最短路线修改 [英] Shortest route modification

问题描述

有没有办法修改这个来显示最短路径的路径？例如，如果我有一个像（3,1），（3,0），（4,3），（2,1）这样的数字列表，则从4到1的输出将是4> 3,3 - > 1

Is there a way to modify this to show the route of the shortest path? For example, if i had a list of numbers like (3,1),(3,0),(4,3),(2,1) the output for getting from 4 to 1 would be 4->3,3->1

// Prints shortest paths from src to all other vertices
void Graph::shortestPath(int src)
{
    // Create a priority queue to store vertices that
    // are being preprocessed. This is weird syntax in C++.
    // Refer below link for details of this syntax
    // http://geeksquiz.com/implement-min-heap-using-stl/
    priority_queue< iPair, vector <iPair> , greater<iPair> > pq;


    // Create a vector for distances and initialize all
    // distances as infinite (INF)
    vector<int> dist(V, INF);

    // Insert source itself in priority queue and initialize
    // its distance as 0.
    pq.push(make_pair(0, src));
    dist[src] = 0;

    /* Looping till priority queue becomes empty (or all
      distances are not finalized) */
    while (!pq.empty())
    {
        // The first vertex in pair is the minimum distance
        // vertex, extract it from priority queue.
        // vertex label is stored in second of pair (it
        // has to be done this way to keep the vertices
        // sorted distance (distance must be first item
        // in pair)
        int u = pq.top().second;
        pq.pop();

        // 'i' is used to get all adjacent vertices of a vertex
        list< pair<int, int> >::iterator i;
        for (i = adj[u].begin(); i != adj[u].end(); ++i)
        {
            // Get vertex label and weight of current adjacent
            // of u.
            int v = (*i).first;
            int weight = (*i).second;

            //  If there is shorted path to v through u.
            if (dist[v] > dist[u] + weight)
            {
                // Updating distance of v
                dist[v] = dist[u] + weight;
                pq.push(make_pair(dist[v], v));
            }
        }
    }

    // Print shortest distances stored in dist[]
    printf("Vertex   Distance from Source\n");
    for (int i = 0; i < V; ++i)
            printf("%d \t\t %d\n", i, dist[i]);
    }

放置一个存储路径数字的数组，例如4,3， 3,1（使用上面的例子）似乎是最好的想法，但我不知道在这段代码中插入数组的位置。

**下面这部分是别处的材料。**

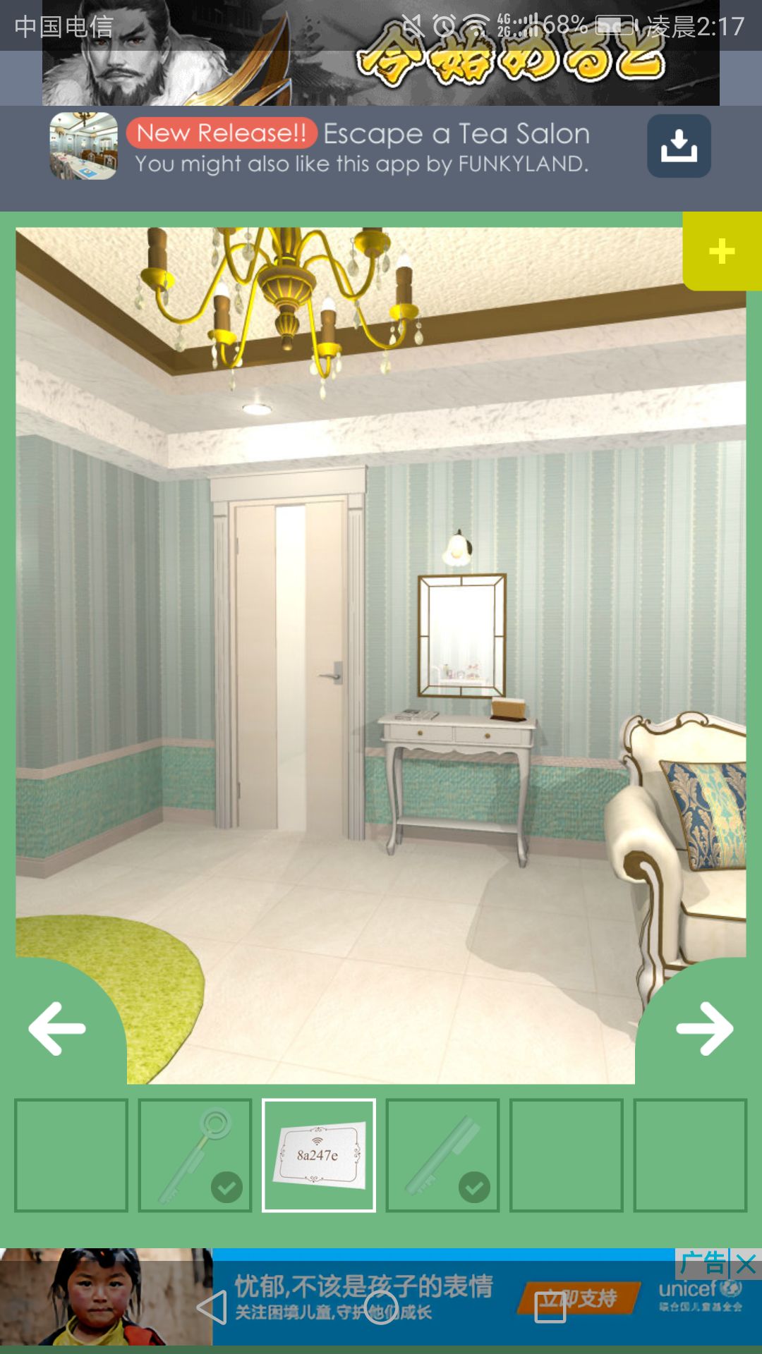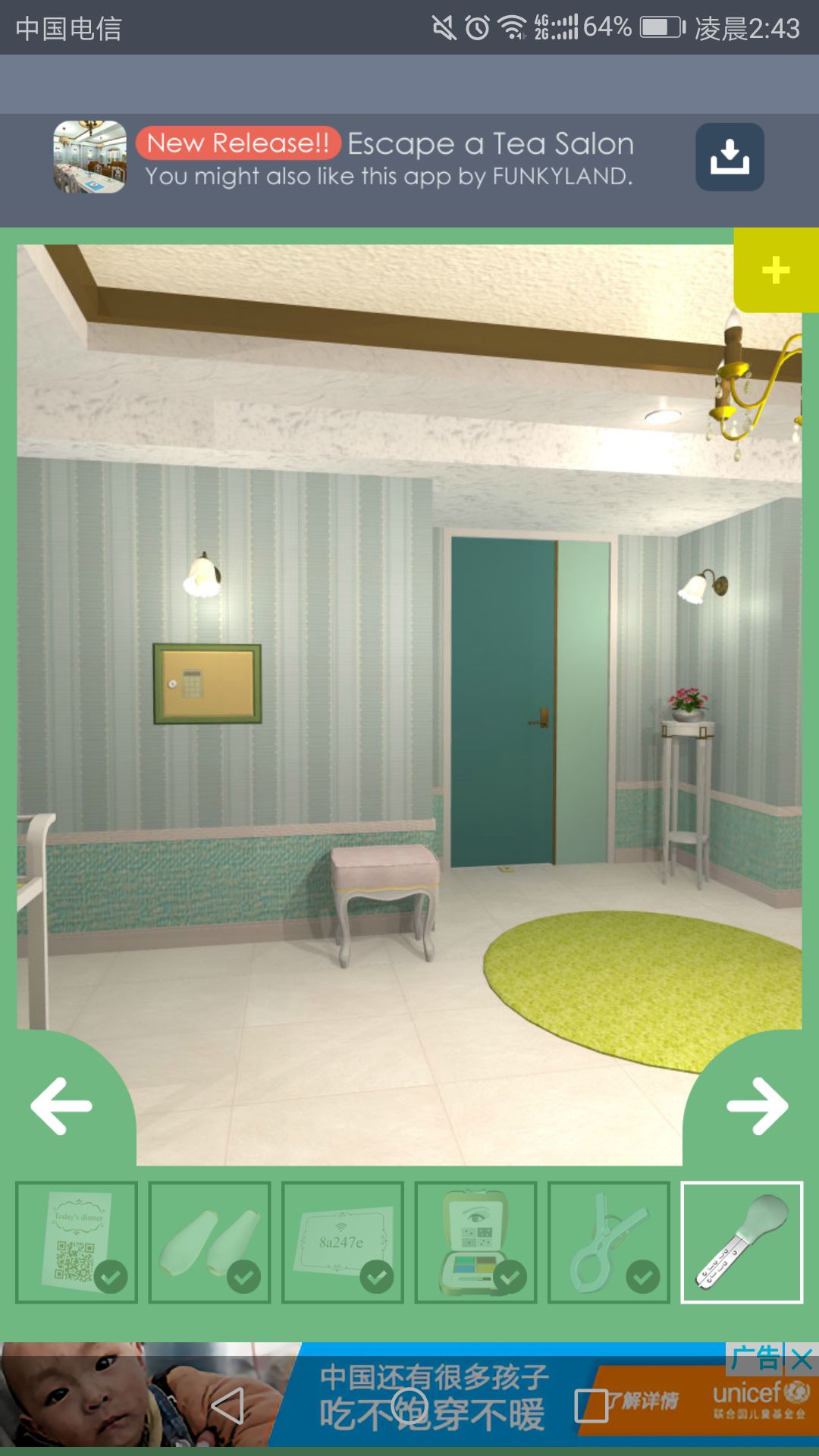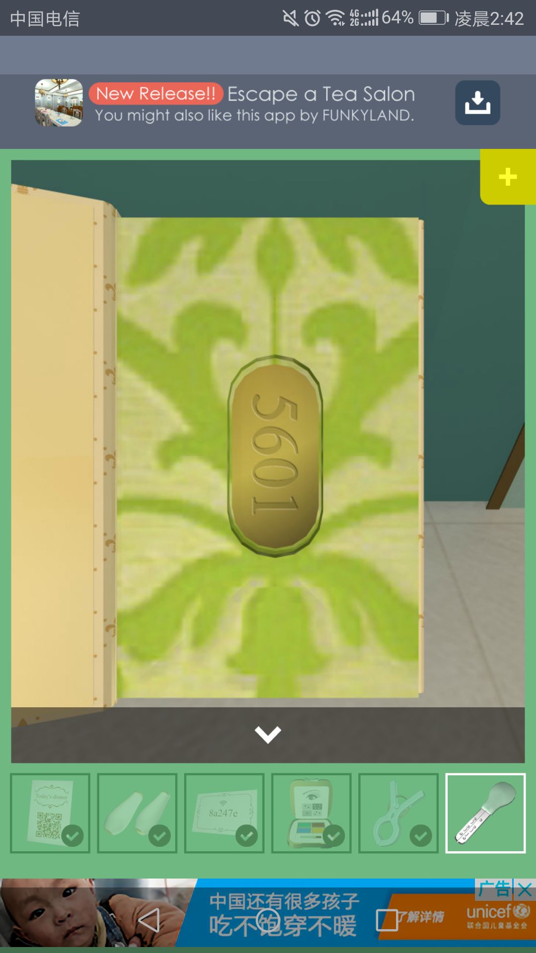 再回到房间打开的门里,点击中间的柜子,输入Wi-Fi密码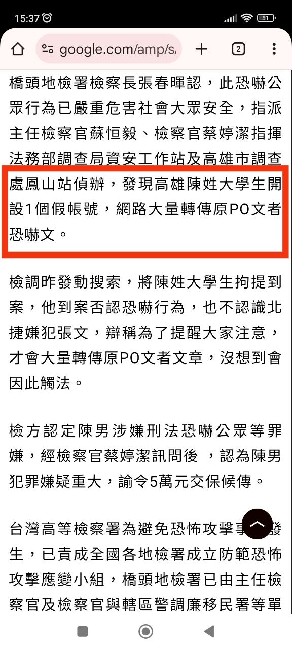 : 引發高度關注,現在po文的人找到了,是一名男大生,被依照恐嚇公眾罪裁定5萬交保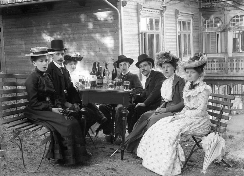 Glassplaten er skannet og behandlet av Fotohuset, Drammen. Venner på tur til Konnerudkollen Turisthotell - 1910 Synnøve Gulbrandsen - Bernhard Haugen - Gunda Haugen - Hakon Hagen - Ludvig Nilsen - Anna Sjønnesen - Lina Larsen. Konnerud Sanatorium ble bygget på gården Eskerud i 1896. Byggherre var: Grosserene Brecke, Rudolp og Andresen. Senere overtatt av hotelleier Jens Henriksen fra Tønsberg som utvidet til hotell. Etter første verdenskrig omdøpt til Konnerudkollen Turisthotell, drift til ca. 1940. Etter krigen ble hotellet benyttet som en underavdeling av Univerisitet i Oslo for 107 norske kostholdsstudenter som studerte engelsk over to semestre. De bodde på hotellet sammen med sine lærere. Denne form for college var en ny form for universitet i Norge. Kort varighet, fordi hotellet ble solgt til Europahjelpen i 1949 som mottaksstasjon for flyktninger .Siden brukt til kursted. Hotellet ble ombygd til det ugjenkjennelige i 1950. Staten overtok hotellet vedrlagsfritt i 1951 og det ble brukt som en underavd. til Lier sykehus i 1956. Hotellet brant sommeren 1967.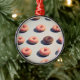 Ce design présente un beigne au chocolat parmi un grand groupe de beignets roses.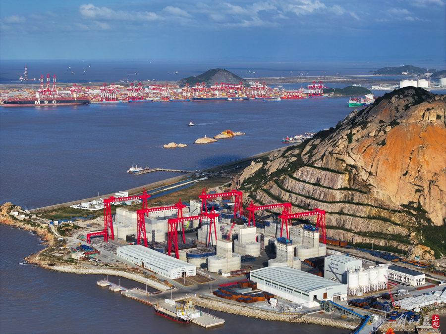 2024年11月19日,中交三航局为洋山港小洋山北作业区“量身定制”的桶式基础结构专业配套预制基地建成并正式投产,成功打通孤岛原材料运输通道,保障了小洋山北作业区桶式基础结构预制所需的原材料日常供应。 本报记者 张海峰 摄

Putting in an array that stores the numbers of the path like 4,3,3,1 (using above example) seems like the best idea but i don't know where to insert the array in this code to do that.

推荐答案

正如您为 dist 向量中的每个顶点保存距离一样，将上次更新它的前一个顶点保存到名为前身。

Just as you save the distances for each vertex in the dist vector, save the predecessor vertex that last updated it in a vector called predecessor.

vector<int> dist(V, INF);
vector<int> predecessor(V, 0);

然后，每当您更新距离时，请更新前任：

Then whenever you update the distance, update the predecessor:

dist[v] = dist[u] + weight;
predecessor[v] = u;

最后，您可以追踪任何顶点到源的最短路径（向后）：

Finally, you can trace for any vertex the shortest path (Backward) to the source:

printf("Vertex   Distance from Source      shortest path from source\n");
for (int i = 0; i < V; ++i)
{
        printf("%d \t\t %d\t\t", i, dist[i]);
        int j = i;
        do
        {
             printf("%d,", j);
             j = predecessor[j];
        } while(j != src);
        printf("\n");
}

这篇关于最短路线修改的文章就介绍到这了，希望我们推荐的答案对大家有所帮助，也希望大家多多支持IT屋！